Ingesting and filtering the data

  • Ingesting the data using the vroom library and loading into the bikeshare_data.
library(tidyverse) # used to filter the data
library(lubridate) #used to work with date class. 
library(reactable)

#loding the files name and 
files <- fs::dir_ls(path = "database/")
files
database/202007-divvy-tripdata.csv database/202008-divvy-tripdata.csv 
database/202009-divvy-tripdata.csv database/202010-divvy-tripdata.csv 
database/202011-divvy-tripdata.csv database/202012-divvy-tripdata.csv 
database/202101-divvy-tripdata.csv database/202102-divvy-tripdata.csv 
database/202103-divvy-tripdata.csv database/202104-divvy-tripdata.csv 
database/202105-divvy-tripdata.csv database/202106-divvy-tripdata.csv 
bikeshare_data <- vroom::vroom(files,
                               col_names = TRUE)
head(bikeshare_data)
# A tibble: 6 × 13
  ride_id rideable_type started_at          ended_at            start_station_n…
  <chr>   <chr>         <dttm>              <dttm>              <chr>           
1 762198… docked_bike   2020-07-09 15:22:02 2020-07-09 15:25:52 Ritchie Ct & Ba…
2 BEC9C9… docked_bike   2020-07-24 23:56:30 2020-07-25 00:20:17 Halsted St & Ro…
3 D2FD8E… docked_bike   2020-07-08 19:49:07 2020-07-08 19:56:22 Lake Shore Dr &…
4 54AE59… docked_bike   2020-07-17 19:06:42 2020-07-17 19:27:38 LaSalle St & Il…
5 54025F… docked_bike   2020-07-04 10:39:57 2020-07-04 10:45:05 Lake Shore Dr &…
6 65636B… docked_bike   2020-07-28 16:33:03 2020-07-28 16:49:10 Fairbanks St & …
# … with 8 more variables: start_station_id <chr>, end_station_name <chr>,
#   end_station_id <chr>, start_lat <dbl>, start_lng <dbl>, end_lat <dbl>,
#   end_lng <dbl>, member_casual <chr>
  • Filtering and Process the data using the tools in the tidyverse.

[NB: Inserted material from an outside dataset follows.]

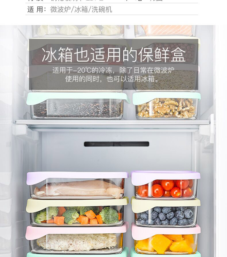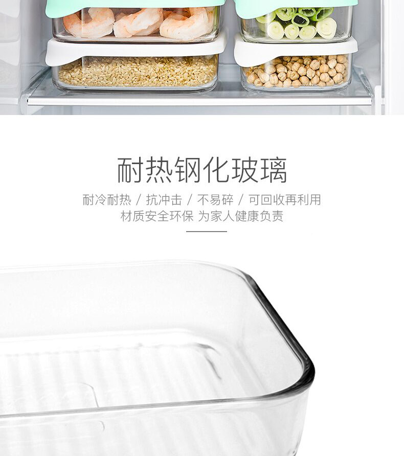 • 商品名称:Glasslock进口保鲜盒冰箱冷冻盒食物收纳盒带饭可微波炉饭盒480ml*4件套 GL2096/套

    • In this fase we created the following variables:

      • trip_duration - the trip duration in minutes;

      • weekday_day - The day of the week the trip takes place;

      • is_weekend - Test if the day is a weekend;

      • date_month - Stores the month the trip takes place;

      • date_hour - Stores the hour the trip takes place;

      • date_season - Stores the season of the year;

      • day_time - Stores the time of the day;

      • trip_route - Stores the route of the trip (start station to end station).

    • Then we keep the following variable:

      • start_station_name;

      • ride_id;

      • rideable_type;

      • and member_casual.

    • the we exclude the remaning original variables.

    • then we change the class of the categorical variables to factor.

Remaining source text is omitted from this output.